■ Required work: Nothing but the lines from the one including "GERLACH PYCHOTKI Sztućce" through the last line of the entries, restated exactly, should appear in the answer; omit the pictures.

(Stored data)

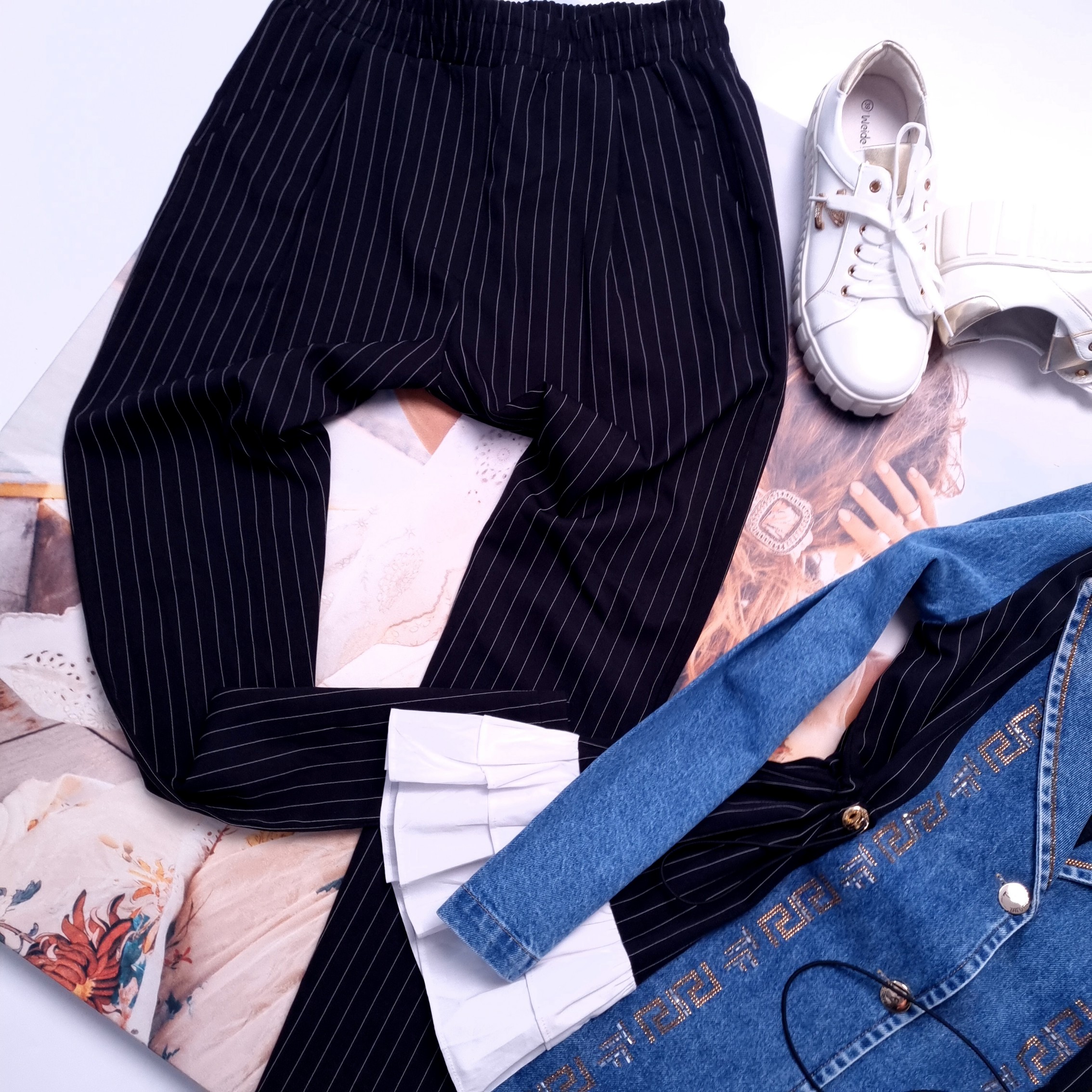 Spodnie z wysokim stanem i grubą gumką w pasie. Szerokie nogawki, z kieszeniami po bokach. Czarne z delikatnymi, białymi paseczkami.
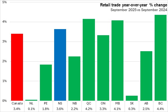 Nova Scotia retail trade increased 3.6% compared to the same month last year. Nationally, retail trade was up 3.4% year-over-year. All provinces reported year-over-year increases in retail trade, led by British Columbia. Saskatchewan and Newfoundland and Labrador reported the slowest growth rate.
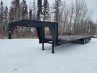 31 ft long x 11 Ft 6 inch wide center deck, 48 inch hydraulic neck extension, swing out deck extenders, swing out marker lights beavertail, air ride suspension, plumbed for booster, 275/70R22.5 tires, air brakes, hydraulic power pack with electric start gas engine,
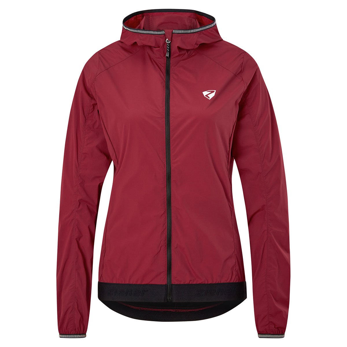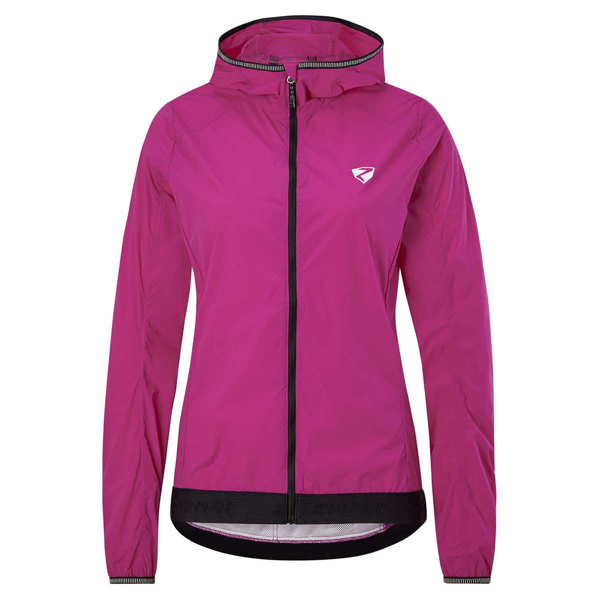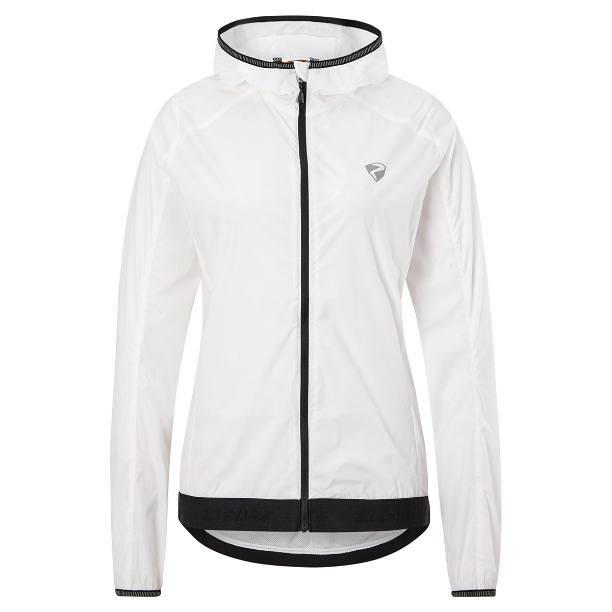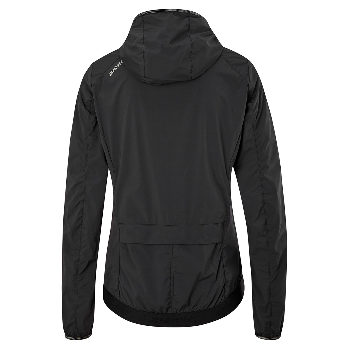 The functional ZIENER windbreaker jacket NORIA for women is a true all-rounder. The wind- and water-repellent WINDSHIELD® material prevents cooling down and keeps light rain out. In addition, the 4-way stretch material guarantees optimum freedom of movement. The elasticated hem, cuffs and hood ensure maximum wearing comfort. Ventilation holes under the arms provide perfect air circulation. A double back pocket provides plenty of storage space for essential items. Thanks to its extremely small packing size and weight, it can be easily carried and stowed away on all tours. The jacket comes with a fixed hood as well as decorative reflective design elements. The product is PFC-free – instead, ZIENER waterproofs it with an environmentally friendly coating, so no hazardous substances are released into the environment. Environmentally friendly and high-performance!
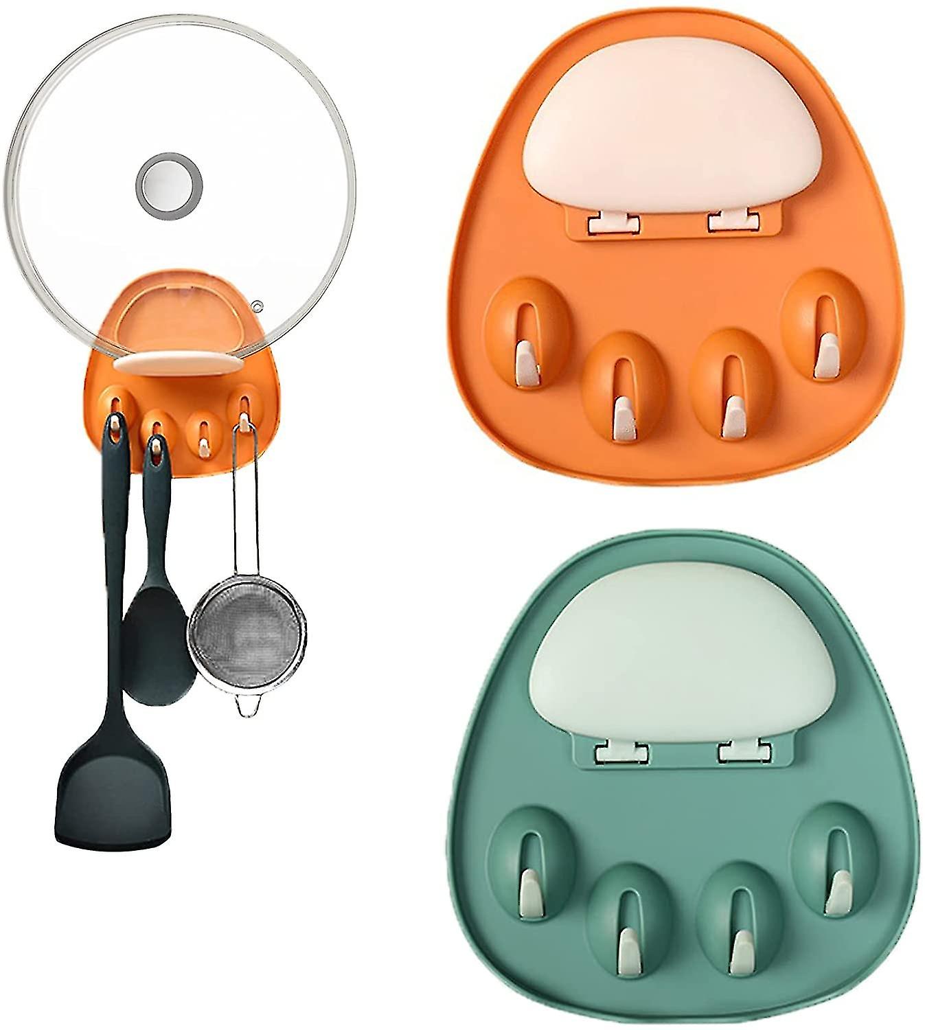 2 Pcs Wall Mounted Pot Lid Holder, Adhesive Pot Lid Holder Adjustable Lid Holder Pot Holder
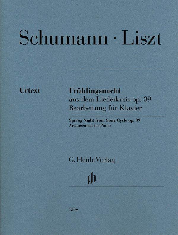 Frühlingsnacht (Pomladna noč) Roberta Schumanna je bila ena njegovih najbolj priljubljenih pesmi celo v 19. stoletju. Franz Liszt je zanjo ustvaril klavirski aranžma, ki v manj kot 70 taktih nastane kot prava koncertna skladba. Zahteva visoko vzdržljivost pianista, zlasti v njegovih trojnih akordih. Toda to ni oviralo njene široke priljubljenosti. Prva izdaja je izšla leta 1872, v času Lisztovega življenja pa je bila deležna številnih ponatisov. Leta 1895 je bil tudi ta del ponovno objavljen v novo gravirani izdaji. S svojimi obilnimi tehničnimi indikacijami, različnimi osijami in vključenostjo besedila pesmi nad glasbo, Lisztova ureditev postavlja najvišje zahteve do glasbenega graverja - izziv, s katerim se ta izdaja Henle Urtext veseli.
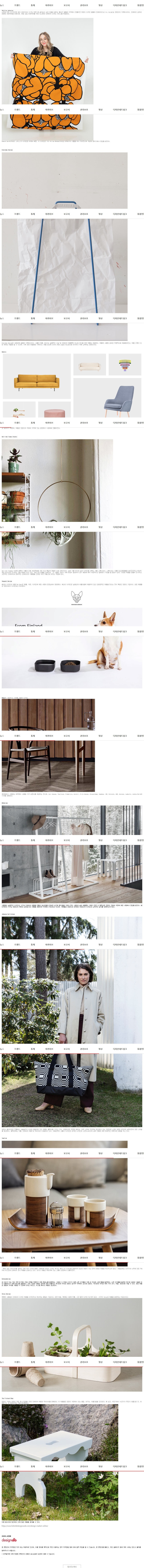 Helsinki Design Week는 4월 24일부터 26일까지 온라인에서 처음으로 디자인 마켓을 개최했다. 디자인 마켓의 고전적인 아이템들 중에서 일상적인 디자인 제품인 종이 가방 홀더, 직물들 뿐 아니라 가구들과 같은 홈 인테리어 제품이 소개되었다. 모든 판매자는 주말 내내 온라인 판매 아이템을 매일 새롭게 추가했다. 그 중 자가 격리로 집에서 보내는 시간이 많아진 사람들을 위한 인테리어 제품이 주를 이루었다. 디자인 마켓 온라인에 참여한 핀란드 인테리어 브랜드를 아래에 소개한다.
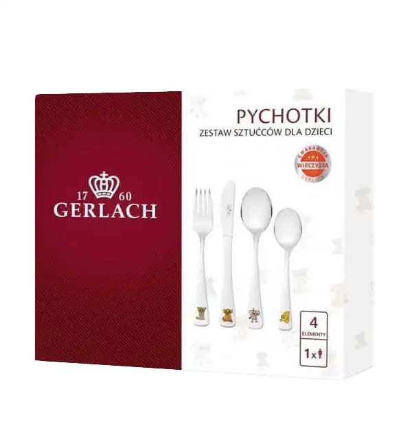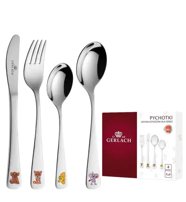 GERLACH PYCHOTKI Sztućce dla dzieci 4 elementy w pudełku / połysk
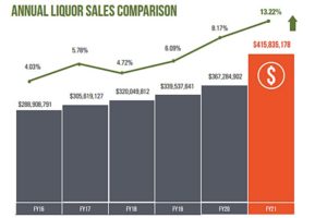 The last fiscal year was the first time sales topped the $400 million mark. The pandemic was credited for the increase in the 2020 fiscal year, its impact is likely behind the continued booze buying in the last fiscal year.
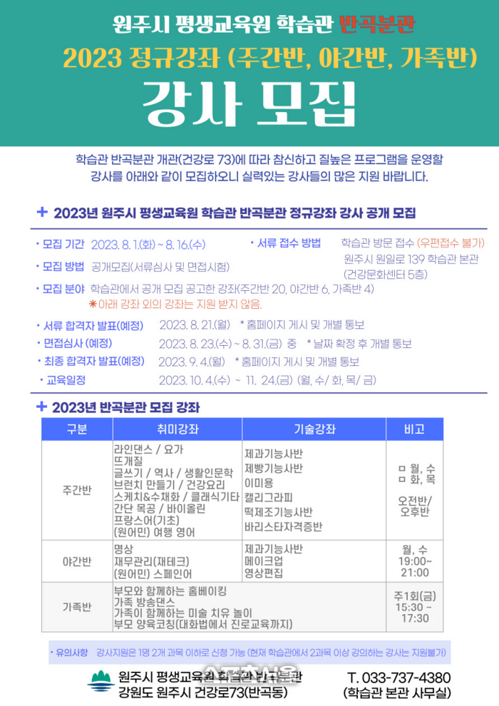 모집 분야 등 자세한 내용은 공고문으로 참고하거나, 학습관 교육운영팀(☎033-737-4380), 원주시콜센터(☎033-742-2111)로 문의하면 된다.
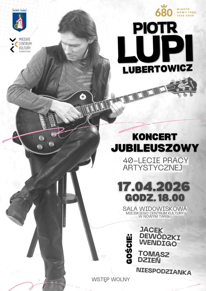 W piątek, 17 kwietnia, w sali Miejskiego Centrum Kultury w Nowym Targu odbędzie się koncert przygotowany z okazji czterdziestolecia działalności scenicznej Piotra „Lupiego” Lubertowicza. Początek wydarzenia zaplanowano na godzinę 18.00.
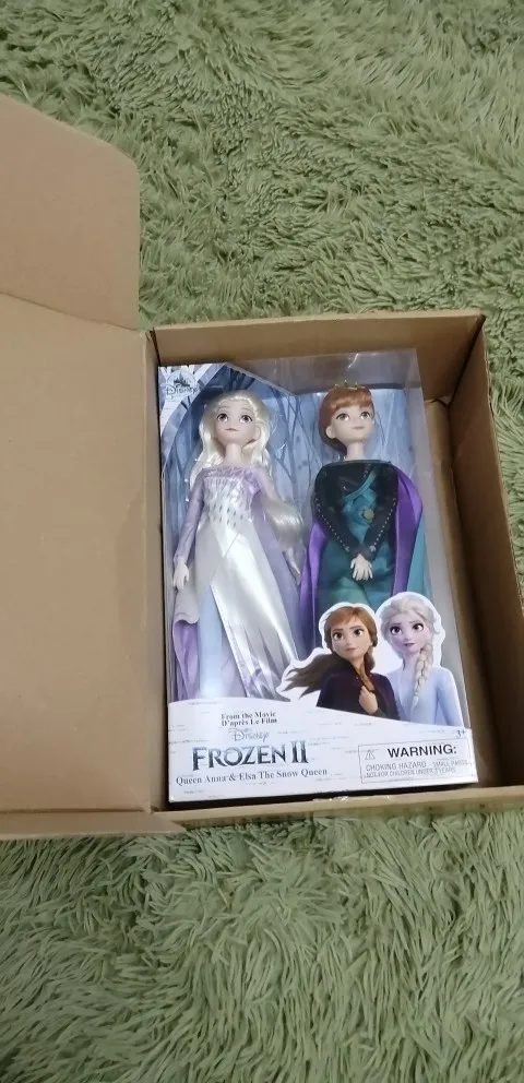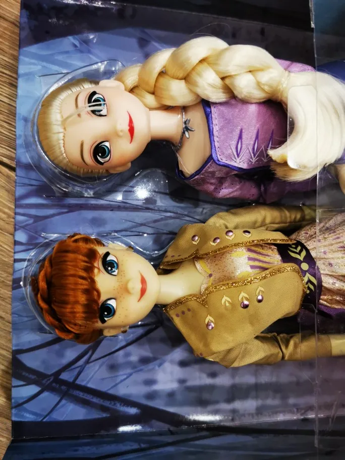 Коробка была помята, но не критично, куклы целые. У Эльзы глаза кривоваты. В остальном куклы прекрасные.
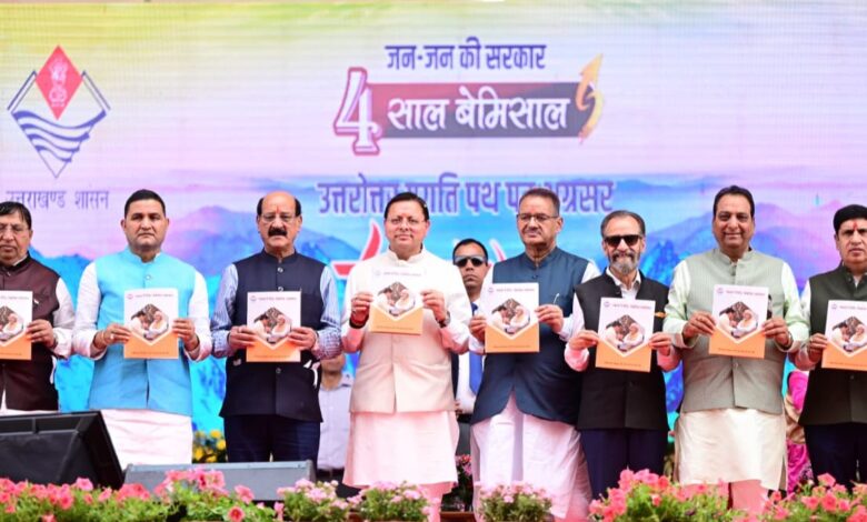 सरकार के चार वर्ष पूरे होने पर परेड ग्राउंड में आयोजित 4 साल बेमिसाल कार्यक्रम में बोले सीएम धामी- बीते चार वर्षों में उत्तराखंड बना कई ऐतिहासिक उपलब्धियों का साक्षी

■ Answer box:
 GERLACH PYCHOTKI Sztućce dla dzieci 4 elementy w pudełku / połysk
 The last fiscal year was the first time sales topped the $400 million mark. The pandemic was credited for the increase in the 2020 fiscal year, its impact is likely behind the continued booze buying in the last fiscal year.
 모집 분야 등 자세한 내용은 공고문으로 참고하거나, 학습관 교육운영팀(☎033-737-4380), 원주시콜센터(☎033-742-2111)로 문의하면 된다.
 W piątek, 17 kwietnia, w sali Miejskiego Centrum Kultury w Nowym Targu odbędzie się koncert przygotowany z okazji czterdziestolecia działalności scenicznej Piotra „Lupiego” Lubertowicza. Początek wydarzenia zaplanowano na godzinę 18.00.
 Коробка была помята, но не критично, куклы целые. У Эльзы глаза кривоваты. В остальном куклы прекрасные.
 सरकार के चार वर्ष पूरे होने पर परेड ग्राउंड में आयोजित 4 साल बेमिसाल कार्यक्रम में बोले सीएम धामी- बीते चार वर्षों में उत्तराखंड बना कई ऐतिहासिक उपलब्धियों का साक्षी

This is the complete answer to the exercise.